I am wondering if there are recommendations for conducting an ACE analysis on categorical data generated from a mixture model, such as a latent class growth model with individuals falling in Class_1, Class_2, or Class_3. Would it be appropriate to conduct the ACE analysis on the categorical latent class variable assuming that the latent classes are discrete? Or would it be more appropriate to conduct the ACE analysis on the continuous (although likely highly skewed) posterior probabilities?

michael.neale · June 7, 2022, 10:29pm

Lindon Eaves wrote a nice paper on latent class analysis with data from relatives, here: https://vipbg.vcu.edu/vipbg/Articles/behavior-analyzing-1993.pdf - it’s one place to start thinking about twins and LCA.

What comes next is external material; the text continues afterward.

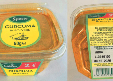 I supermercati Carrefour hanno segnalato un richiamo da parte del produttore, comunicandolo attraverso il proprio portale dedicato agli “Avvisi di sicurezza e ai Richiami di prodotti alimentari”, per rischio microbiologico, a tutela della salute dei consumatori. Questa volta il richiamo precauzionale dagli scaffali da parte del produttore riguarda un lotto di curcuma in polvere a marchio Colfiorito. Il motivo indicato nell’avviso di richiamo, è la presenza di un potenziale rischio microbiologico non meglio specificato, identificata nell’ambito di controlli interni. Il prodotto in questione è venduto in confezioni Il prodotto in questione è venduto in vaschette di plastica da 60 grammi ciascuna, con il numero di lotto 2510153 e il termine minimo di conservazione del 30/10/2026. L’azienda che ha confezionato il prodotto è la Fertitecnica Colfiorito Srl con stabilimento che si trova a Montecassiano, in provincia di Macerata, in via Grazia Deledda 32-38. Il produttore sottolinea che la curcuma è stata richiamata, meramente, a scopo prudenziale, per approfondimenti relativi al rischio microbiologico. Tuttavia raccomanda nella nota di richiamo, se quindi avete acquistato il prodotto incriminato, rileva Giovanni D’Agata, presidente dello “Sportello dei Diritti”, verificate nell’elenco in etichetta la corrispondenza con i dati: se il lotto di produzione e la scadenza coincidono, non consumatelo ma restituitelo al punto vendita di acquisto, dove si provvederà alla sostituzione o al rimborso.
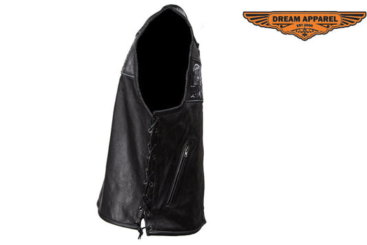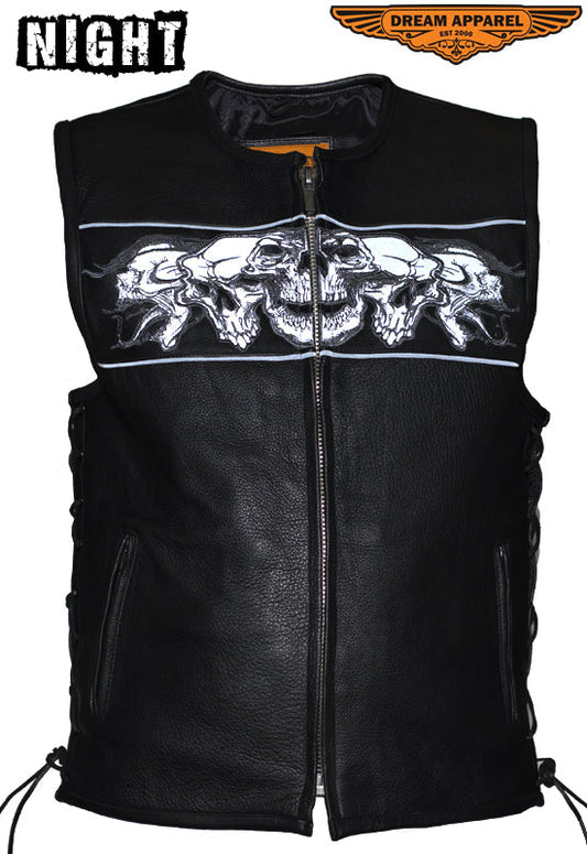 Mens Leather Vest With Reflective Skulls & Conceal Carry Pockets

However, this may not be what you want to do, or not what your scientific question is. The more direct answer is that beyond two latent classes, it can be difficult to rationalize their relative ordering - especially if the response probability plots for the different classes overlap. One might consider a binary-type analysis comparing one class against the others as a binary variable. Beyond that we might even consider using dummy variables for each class (except one as reference) and consider a multivariate analysis - though I don’t really recommend it. Another thing to note is that if the class membership probabilities don’t cross over much, it’s quite possible that there is a continuum (think scores on a latent factor) and that, e.g., a factor model is better for the measures in hand. LCA of data generated from continua (factor models say) tend to show this pattern of parallel response profiles, which indicates that about the best LCA modeling could do was identify subsets of the data higher or lower on this continuum.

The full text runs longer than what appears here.